Dig into the results
So we need to go over some definitions:
- Cache
- A processor has several of these. Let’s call them L1 and L2. To get data into L1 it must first be moved into L2. To get into L2 it has to be in RAM. The process in which memory moves from RAM into a cache is hardware driven. When there is a cache miss, the processor will move to the next level to pull in values.
- Caches decrease runtime. Some documentation can be found on Wiki.
- Locality
So what does this mean to us as engineers?
The faster example ([i][j+1]
) uses Locality to improve performance. When you use a varable like foo[0][0]
, that isn’t the only data that gets pulled into the cache, the surrounding memory comes with it. For example you will have foo[0][0]
through foo[0][3]
in the cache. In this example ever 4 requests will only have 1 cache miss.
In the slower example ([i+1][j]
) you pull in foo[0][0]
though foo[0][3]
into the cache.

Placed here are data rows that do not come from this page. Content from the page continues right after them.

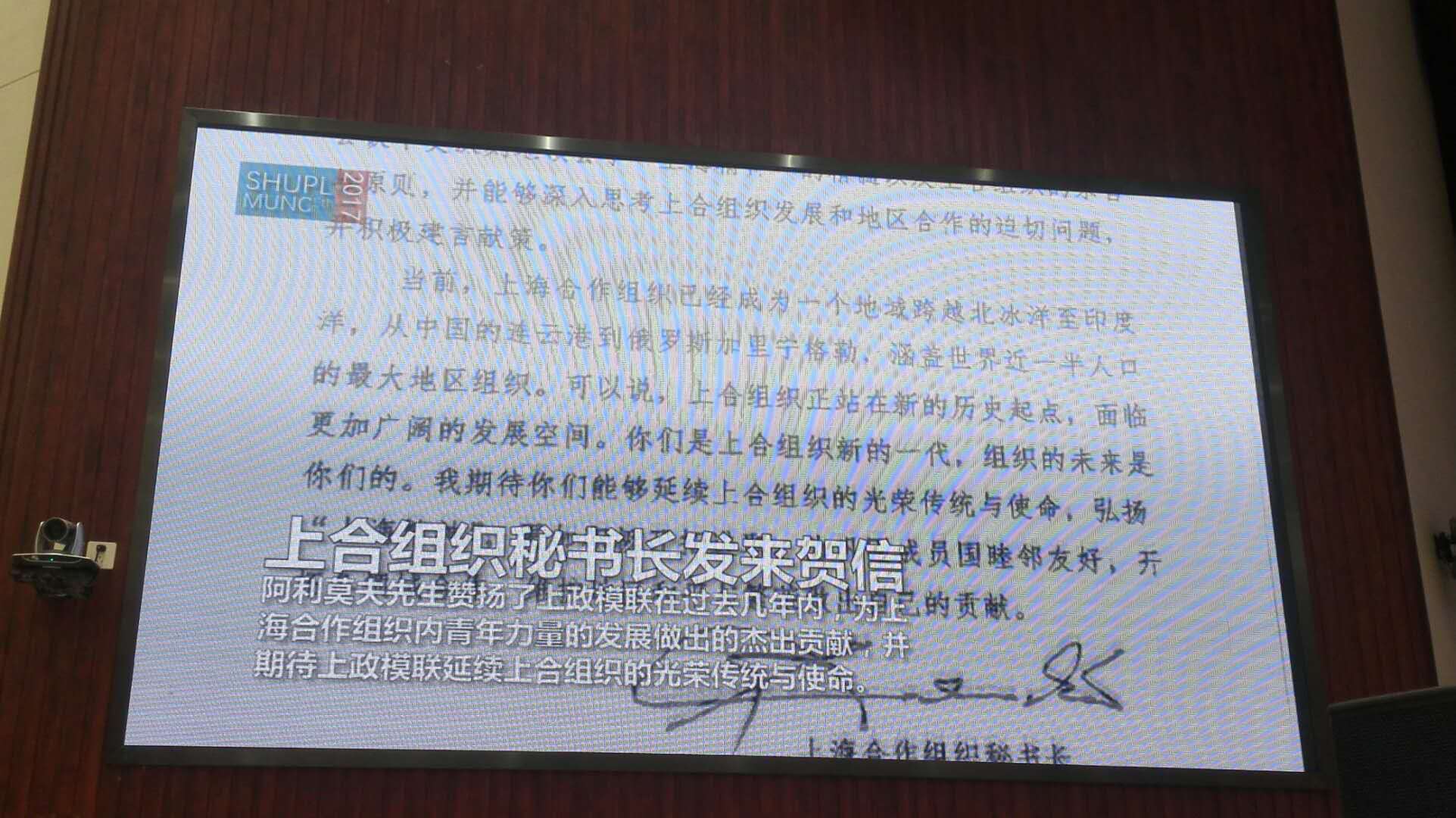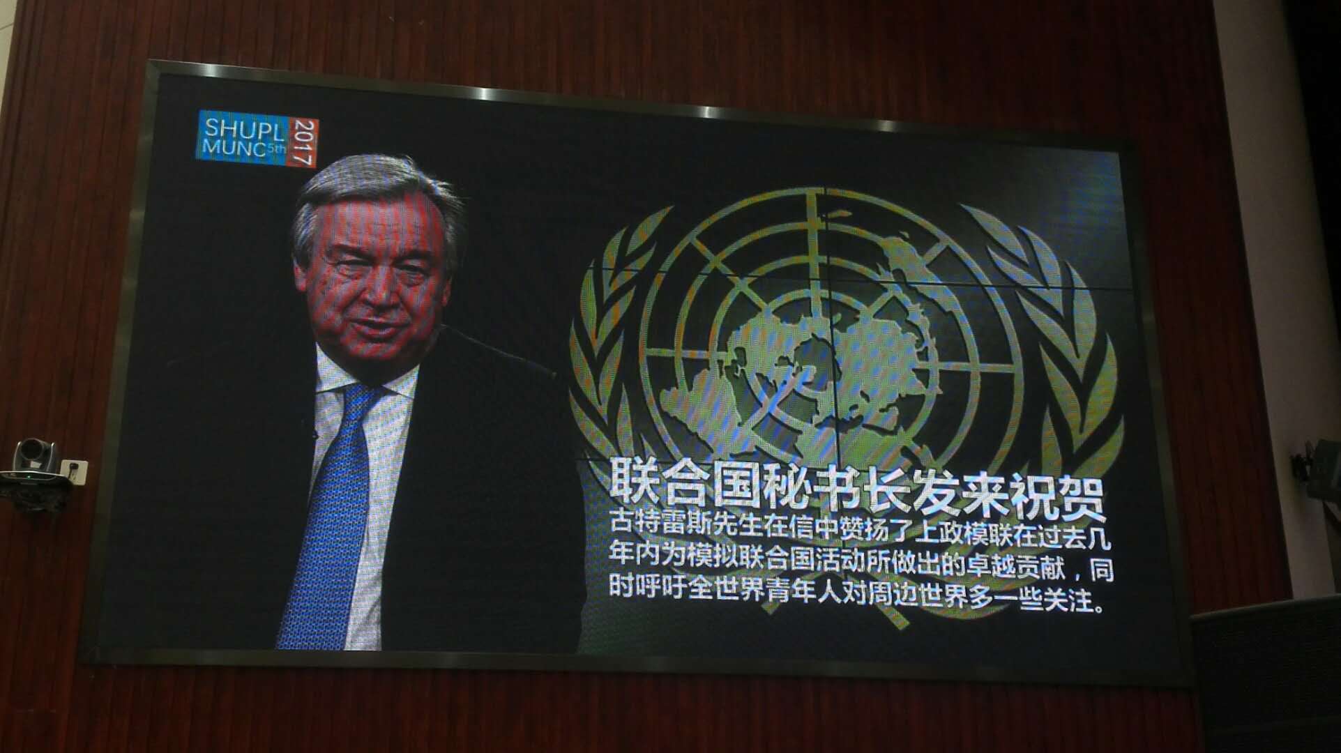 今年11月,在上政模联第五届全国模拟联合国大会召开前夕,协会喜获联合国第九任秘书长安东尼奥·古特雷斯先生的表扬与贺信,紧接着收到了来自上海合作组织秘书长阿利莫夫先生的贺信。信中赞扬了上政模联在过去几年内为模拟联合国活动所做出的卓越贡献,呼吁全世界青年人加强对于周边世界的关注,衷心祝愿第五届新利18官方客服全国模拟联合国大会成功举办。
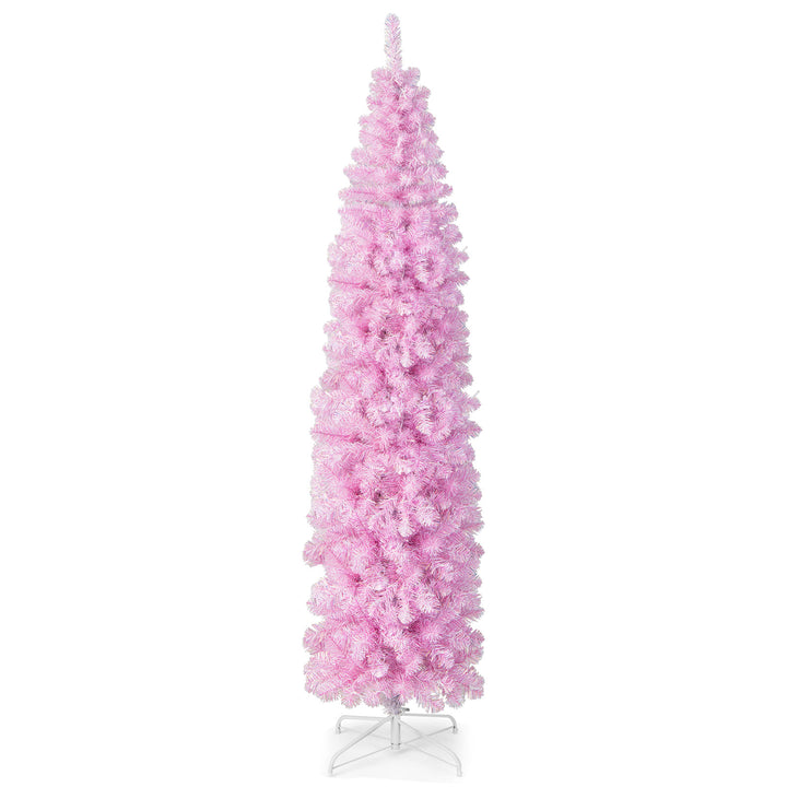 Add a touch of luxury and enchantment to your holiday decor with our exquisite pencil-shaped artificial Christmas tree. Featuring a unique combination of glossy pink and interspersed white leaves, this tree...
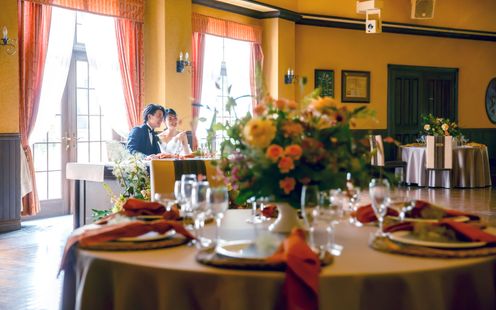 イタリアンイエローで纏められた華やかで開放的な会場。ヨーロッパ直輸入のインテリアに照らされて、ひときわ贅沢な1日を演出いたします。大人数様でもゆったりとお過ごしいただける空間で、盛り上がるシーンを作り上げます。

Instead of the next request being foo[0][1]
it’s foo[1][0]
. This means that there will be a cache miss EVERY time. Forcing you to go out to L2 or RAM to get the value.
Something that processor also do for you, is try to pre-fetch values from memory in an attempt to speed up the runtime.
Sooo…. What does this mean?
If you care about runtime, you should thing about how things are layed out in memory and HOW you access things. If you have to loop over the column vs a row, you may want to transform the data to be where you can run along the row.